With decimation you not only get performance increases, but you also get rid of
the smooching that occurs if the data is not monotonic so you can actually see
something.

Here are the performance results on my computer:
it took -0.511511087418 seconds for matplotlib.lines.Line2D to draw()
it took -0.4196870327 seconds for __main__.ClippedLine to draw()
downsampling plotted line...
it took -0.11829996109 seconds for __main__.DecimatedClippedLine to draw()

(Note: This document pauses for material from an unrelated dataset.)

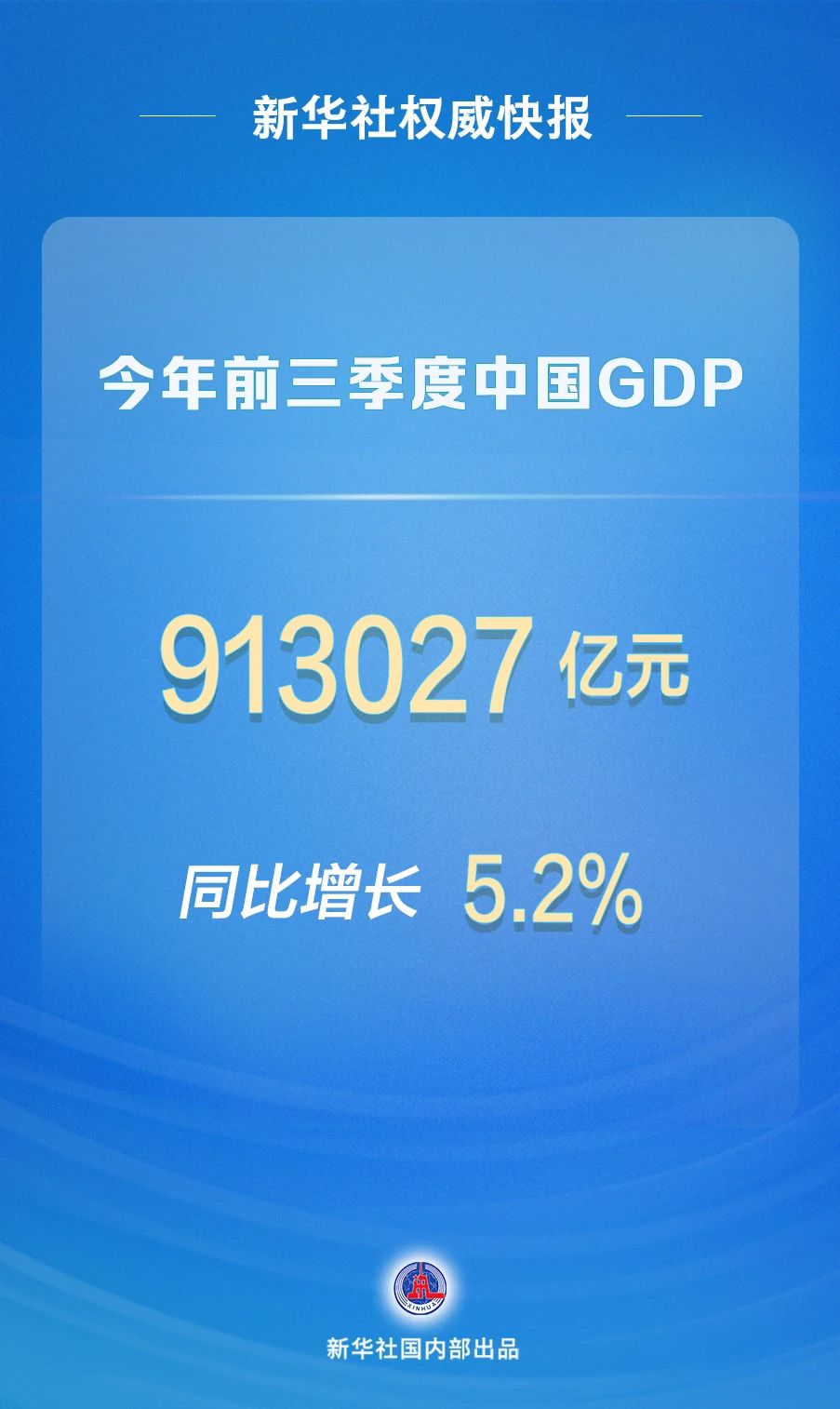 今年前三季度中國國內(nèi)生產(chǎn)總值(GDP)913027億元

from matplotlib.lines import Line2D
import numpy as npy
from pylab import figure, show, draw
import scipy.signal
import time

# adjusted from /usr/share/doc/matplotlib-0.91.2/examples/clippedline.py
class ClippedLine(Line2D):
    """
    Clip the xlimits to the axes view limits -- this example assumes x is sorted
    """

    def __init__(self, ax, *args, **kwargs):
        Line2D.__init__(self, *args, **kwargs)
  ## axes the line is plotted in
        self.ax = ax

    def set_data(self, *args, **kwargs):
        Line2D.set_data(self, *args, **kwargs)
  ## what is plotted pre-clipping
        self.xorig = npy.array(self._x)
  ## what is plotted pre-clipping
        self.yorig = npy.array(self._y)

    def draw(self, renderer):
        xlim = self.ax.get_xlim()

        ind0, ind1 = npy.searchsorted(self.xorig, xlim)
        self._x = self.xorig[ind0:ind1]
        self._y = self.yorig[ind0:ind1]

        Line2D.draw(self, renderer)

class DecimatedClippedLine(Line2D):
  """
  Decimate and clip the data so it does not take as long to plot. Assumes data
is sorted and equally spaced.
  """

  def __init__(self, ax, *args, **kwargs):
    """
    *Parameters*:
      ax:
  axes the line is plotted on

      *args, **kwargs:
  Line2D args

    """
    Line2D.__init__(self, *args, **kwargs)
    ## axes the line is plotted in
    self.ax = ax

  def set_data(self, *args, **kwargs):
    Line2D.set_data(self, *args, **kwargs)
    ## data preclipping and decimation
    self.xorig = npy.array(self._x)
    ## data pre clipping and decimation
    self.yorig = npy.array(self._y)

  def draw(self, renderer):
    bb = self.ax.get_window_extent()
    width = bb.width()

    xlim = self.ax.get_xlim()
    ind0, ind1 = npy.searchsorted(self.xorig, xlim)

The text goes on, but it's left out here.